The South African tests reportedly found she had internal testes and produced very high levels of testosterone for a woman. The results of the post-race IAAF tests are expected in November. The IAAF has declined to confirm, or deny, reports in an Australian paper that its tests found that she has male and female characteristics.

News of the pre-championship tests emerged in leaked emails between Athletics South Africa (ASA) officials. Conducted at a Pretoria clinic on 7 August by Oscar Shimange, a doctor specialising in obstetrics and gynaecology, they were apparently triggered by an IAAF email which raised concerns about Semenya's gender, just weeks before the championships. Reports that Semenya was duped into attending by being told these were a routine drugs test seem unlikely, especially as she was counselled about them by ASA member and psychologist Laraine Lane.

South African papers have reported that when Semenya was in Berlin, the Pretoria clinic called the team doctor, Harold Adams, and said the test results were "not good". Dr Adams than reportedly called a meeting with fellow ASA officials and advised her withdrawal, but was overruled.

Doubts over Semenya's gender have caused much offence and anger in South Africa, with some leaders claiming these were motivated by racism.

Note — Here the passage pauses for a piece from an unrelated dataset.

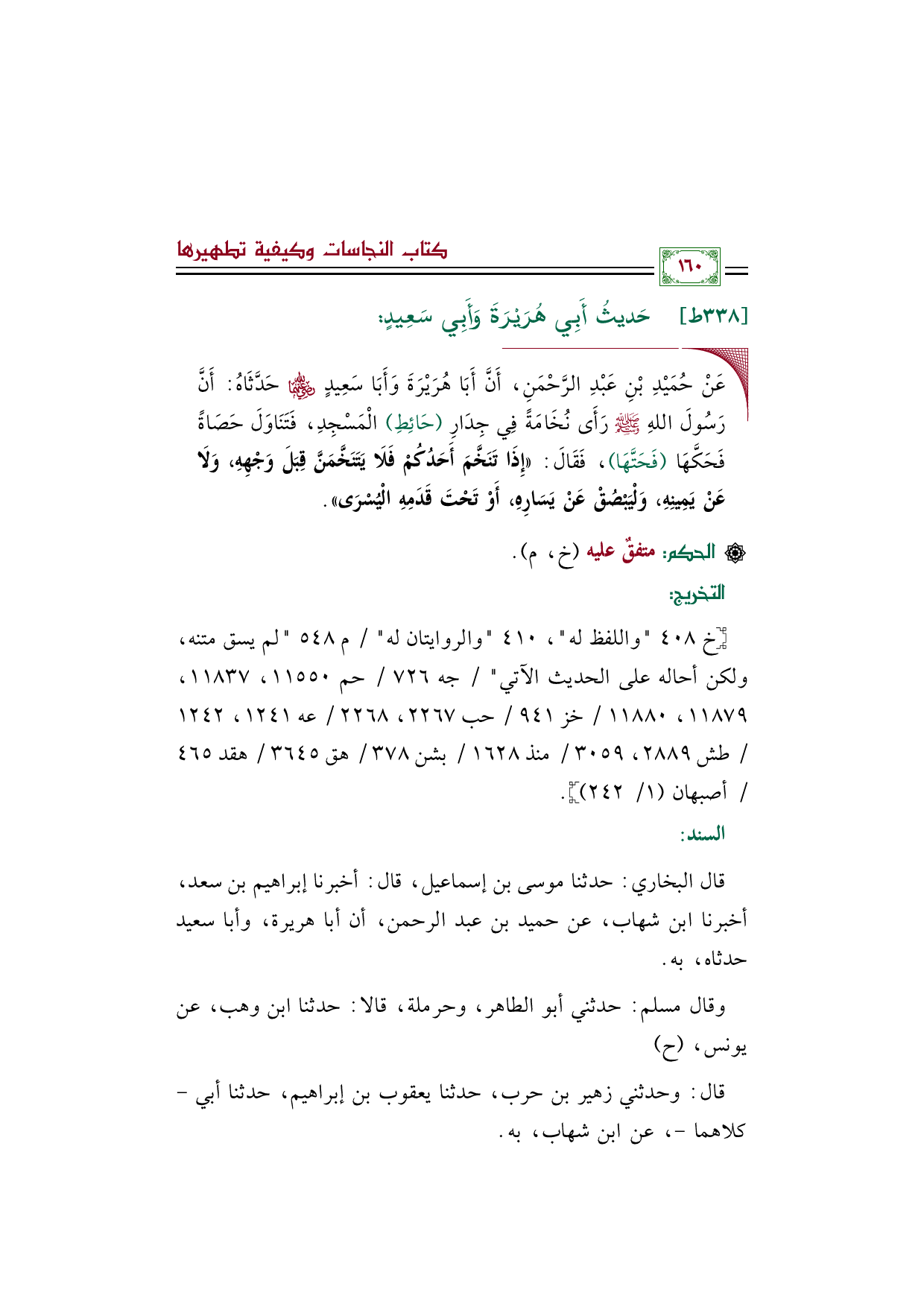 [خ ٤٠٨ ((واللفظ له))، ٤١٠ ((والروايتان له)) / م ٥٤٨ ((لم يسق متنه، ولكن أحاله على الحديث الآتي)) / جه ٧٢٦/ حم ١١٥٥٠، ١١٨٣٧، ١١٨٧٩، ١١٨٨٠/ خز ٩٤١/ حب ٢٢٦٧، ٢٢٦٨/ عه ١٢٤١، ١٢٤٢/ طش ٢٨٨٩، ٣٠٥٩/ منذ ١٦٢٨/ بشن ٣٧٨/ هق ٣٦٤٥/ هقد ٤٦٥/ أصبهان (١/ ٢٤٢)].

The minister for women and children has lodged a complaint to the UN about the IAAF's treatment of Semenya and there is now a growing clamour for Leonard Chuene, president of ASA, to resign. Yesterday, he apologised, and said the denials were an "error of judgement". He said: "I believed at the time my consistent denials would help protect her."

At a press conference during which he was at times angry, emotional and contradictory, Mr Chuene also claimed that the IAAF asked him to get Semenya to fake an injury once in Berlin so that she could be withdrawn and the matter hushed up. He refused.

This weekend, Semenya continues to train, and prepare for end-of-year exams. Yet, whatever her legitimacy to compete as a woman, she is now, through no fault of her own, a teenager who finds that the geography and chemistry of her anatomy are now a matter of bar-room banter throughout the world. A medal seems scant consolation.